Relato imprevisto


Después se dio cuenta que cada día era nuevo. Pero fue demasiado tarde. Ya el espejo le devolvía soledad y rasgos ajenos. Ya la calle había enmudecido y ni siquiera los ruidos molestos formaban parte del fluir cotidiano. Las horas, muertas, se perseguían y hasta parecían todas la misma, insignificante hora.

Las tres de la tarde y ese ronroneo que acaricia el alma, si no fuera por.. Las diez de la noche y esa sed de abrazos, pero es que ya no… La mañana era otra cosa. Se deshacía en probabilidades a punto de concretarse, justo cuando se entrometía el mediodía, con su incontrastable vanidad.
Dejarse envolver por el vaivén de la vela de vainilla le daba un vuelo olfativo (pero vuelo al fin) interesante a la situación.

La viejita de la taquilla del metro le inspiraba. Aquella señora, allá por sus setenta muy avanzados, con el perfume siempre intacto, el labial chillón pero correcto, las manos impolutas, con uñas de riguroso rojo y el anillo de su hombre, aún empeñado en el anular izquierdo. De modales correctos y mirada segura, la mujer se destacaba por la puntualidad y una prolijidad casi eclesiástica detrás del vidrio de la boletería.

Asumía, en cada encuentro fortuito con la anciana, un propósito (seguramente encubierto) de alguna fuerza superior. Todo pasa por algo. Hasta la futilidad.

Habían inaugurado una feria de antigüedades cerca del ático que habitaba. El olor a viejo, a libros encimados, a tabaco de otro tiempo se le metía por el ventanal sin encontrar resistencia de su lado. Enfrentaba la duda: ¿valdría la pena perderse por sus callecitas inundadas de turistas curiosos, niños atolondrados y parejas melosas? Con lo bien que estaba ella consigo misma. Mentira! Basta de engaños! Nublar la razón, tapizarla de excusas baratas no le serviría esta vez. Se acordó de la viejita, impecable detrás del cristal y se echó encima el primer abrigo en busca de la calle.


El aspecto general era gris.
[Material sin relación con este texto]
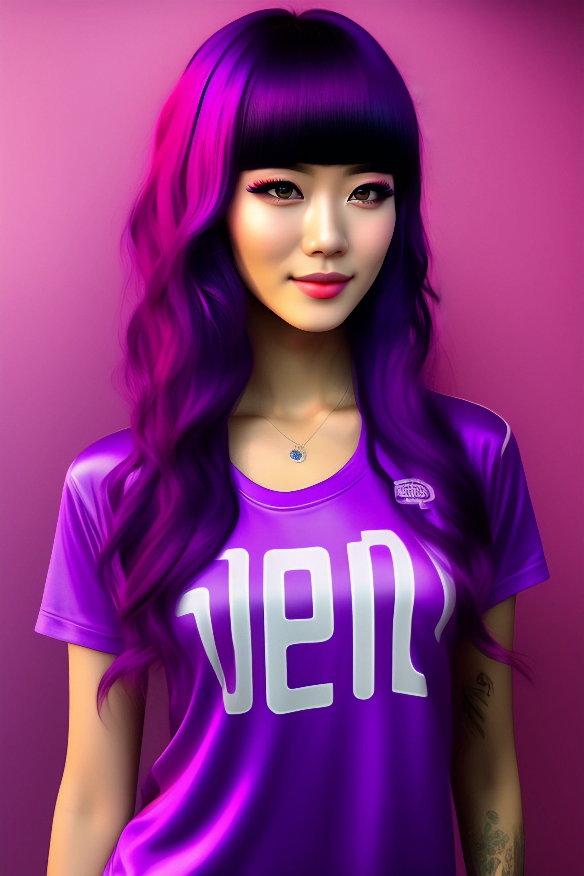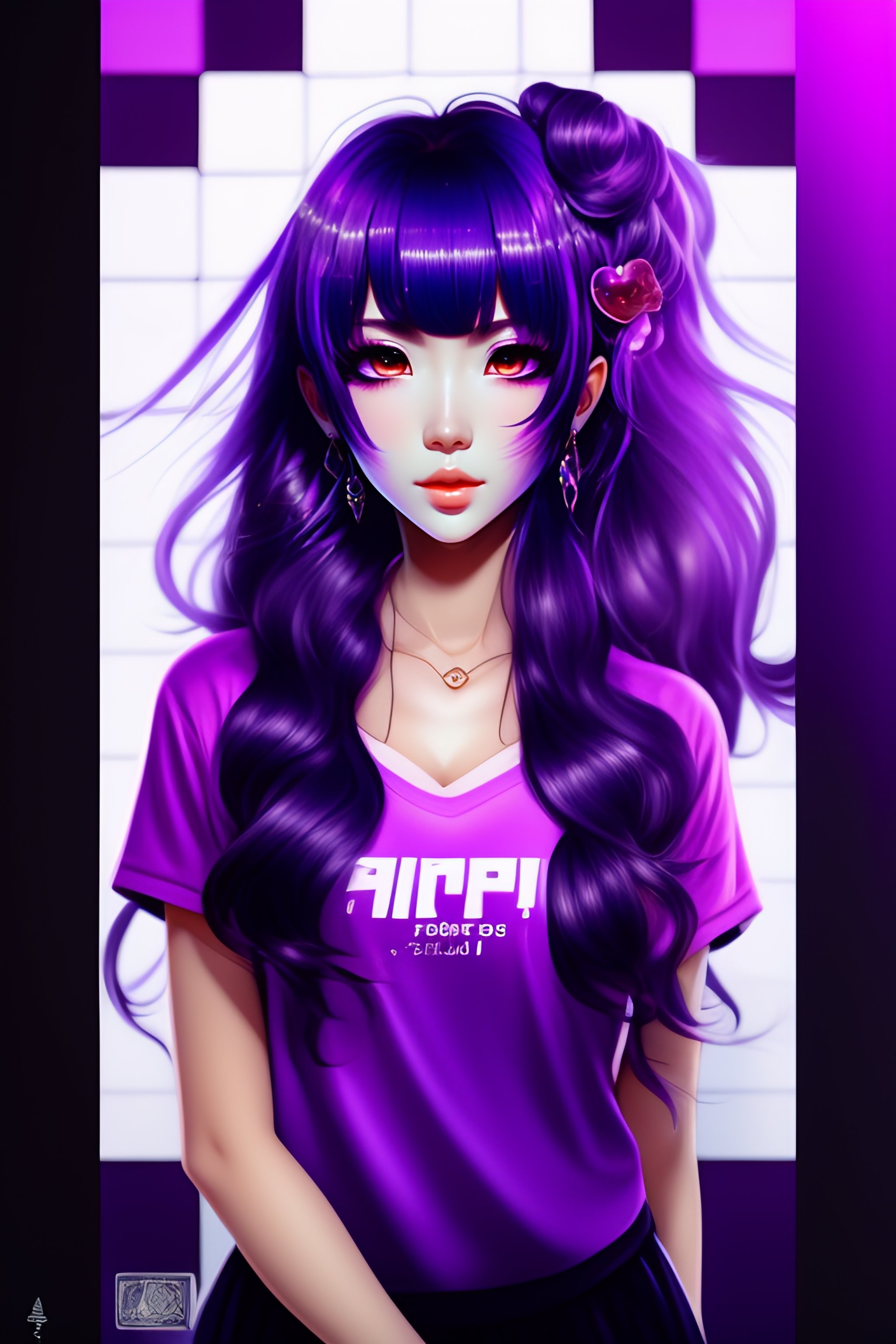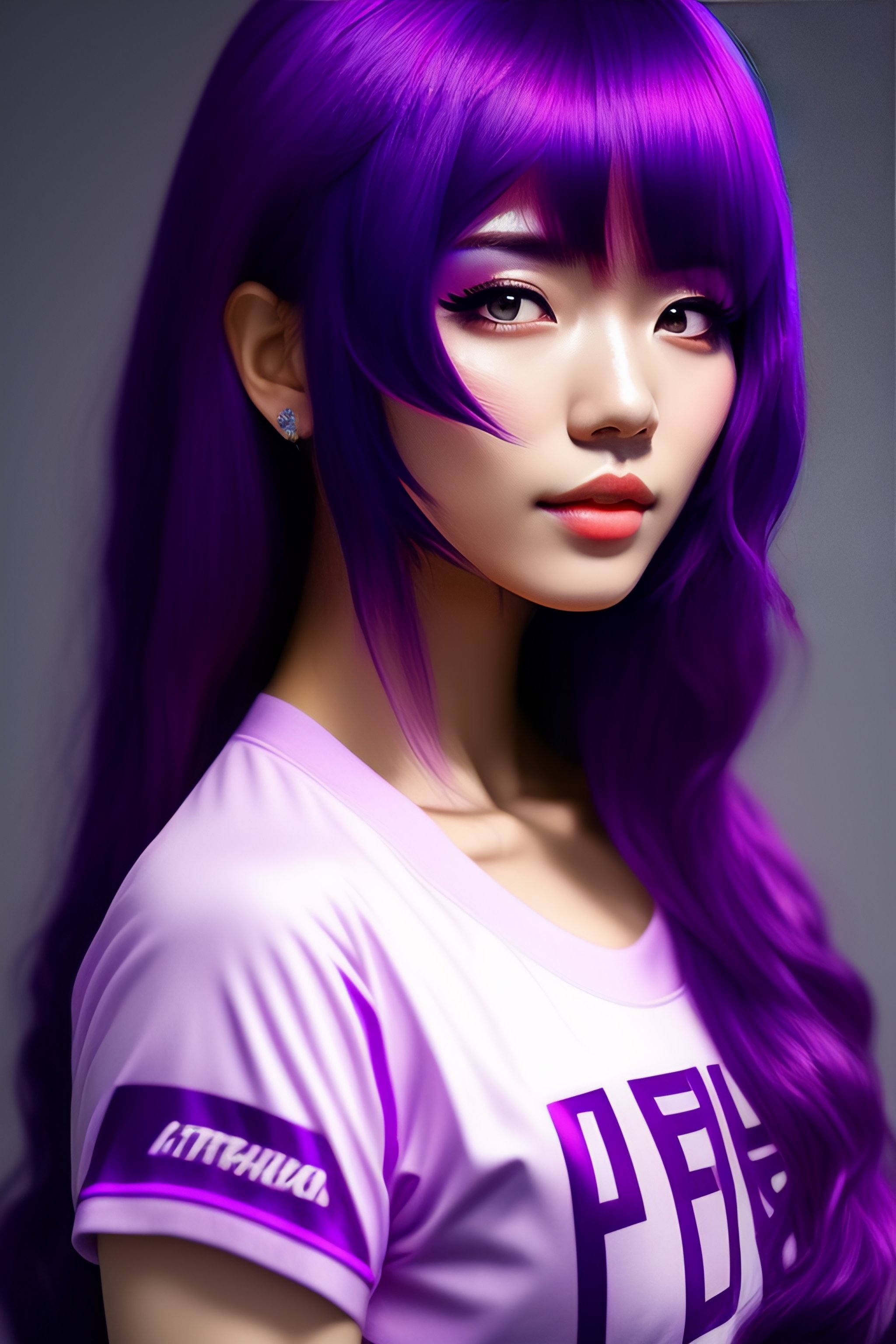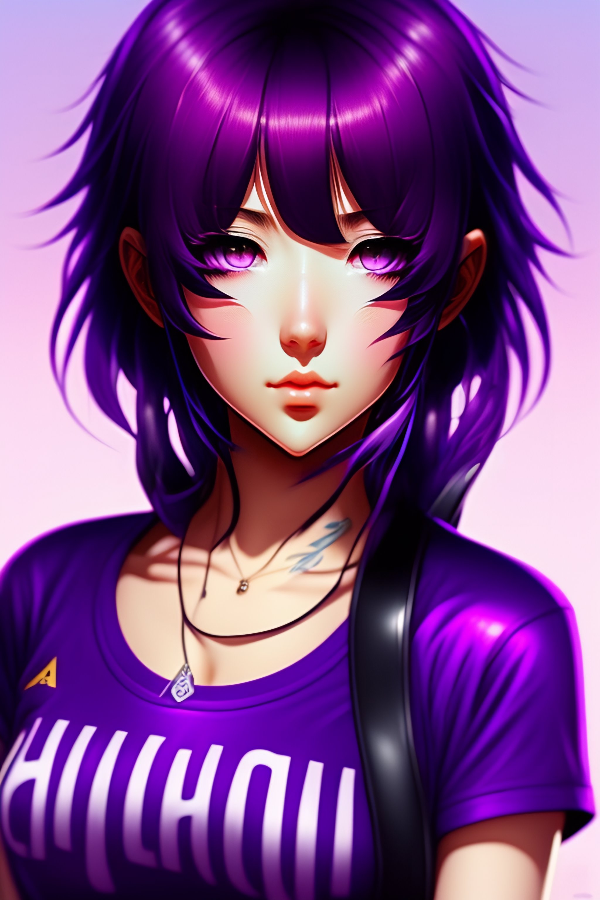 Anime girl, 19 years old, magenta-violet hair, bangs style hair, magenta-violet eyes, wearing violet t-shirt

Sin importar el tono subido con el que había pretendido destacar los labios. Un indescriptible rosa amarronado sutil pero efectivo. La calle la sorprendió más por el colorido que por el frío despiadado que traspasaba la barrera de textiles. Un mundo ahí afuera. Inexplorado. Vertiginoso. Horrendo. Maravilloso.

El puesto de libros antiguos le atrajo a primera vista. O a primer olfato, para mejor decir. Aquel olor a papel viejo y humedad le recordaba inevitablemente a la casa de sus abuelos y a su infancia. Hojeó algunos ejemplares. La Ilíada le resultó –como siempre-- tentadora pero no se dejó convencer. En cambio, optó por una edición de Mafalda de los sesenta. “Super vintage”, le dijo la chica del puesto, detrás de sus decenas de piercings. Ella le devolvió la sonrisa, al tiempo que le acercaba el billete, más por cortesía que por empatía.

El recorrido siguió sinuoso hacia adelante. En su mente, tejía intrincados pasadizos, al tiempo que sus piernas avanzaban. Acaso la falta de rectitud del mercadillo, o tal vez su incesante divagar. O ambos.

Sólo diez pasos después se daría cuenta que esa simple elección de salir a la calle, justo en ese momento, cambiaría su vida para siempre.